Jane was to be married to Robert Fellowes, fifteen years her senior. William Fellowes, his father, had been the Queen’s land agent at Sandringham and Johnnie and Frances had known their future son-in-law since his youth. Robert had been secretary to Prince Charles and was now assistant secretary to the Queen. It was not the prestigious marriage that Johnnie would have chosen for his twenty-one-year-old daughter, although Robert’s future, if lacking an old title and a grand house, looked promising.

“We have known each other all our lives,” Jane told the press on the announcement of their engagement, “and have gradually grown closer.” Diana was surprised at her sister’s choice, for Fellowes was rather stiff, conservative in his attitudes and dress, and had been described by an American friend as “a consummate company man.” But she was thrilled at the prospect of being a bridesmaid and pleased that Jane seemed so happy.

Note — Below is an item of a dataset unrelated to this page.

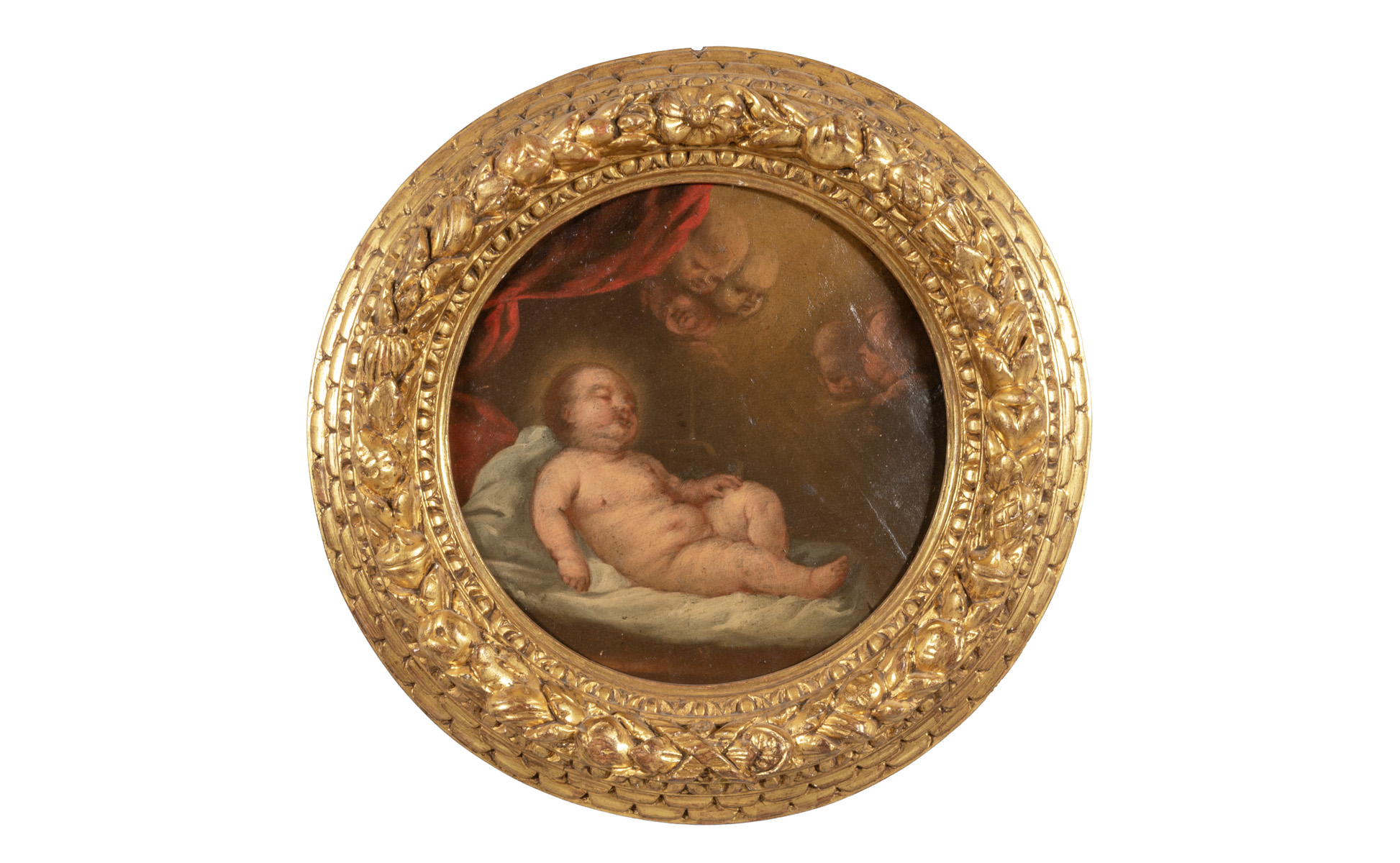 Scuola emiliana sec.XVIII 'Gesù Bambino dormiente' olio di forma rotonda

The couple’s wedding, in the Guards’ Chapel at the Wellington Barracks in central London, was a grand affair with a reception at St. James’s Palace attended by the Queen Mother, who arrived with Lady Fermoy, the Duchess of Kent, and the Duke and Duchess of Gloucester. Although Jane was too caught up in the excitement of being a bride to notice, Diana was distressed by the hostility displayed between her parents, and by Raine’s overbearing presence and insistence on being included in all the family photographs. There was one nasty moment when Raine’s voice grew defiantly loud when she was asked by a photographer to step aside “as Peter Shand Kydd had gracefully done,” for a picture of the wedding couple and their parents. (She finally obliged.)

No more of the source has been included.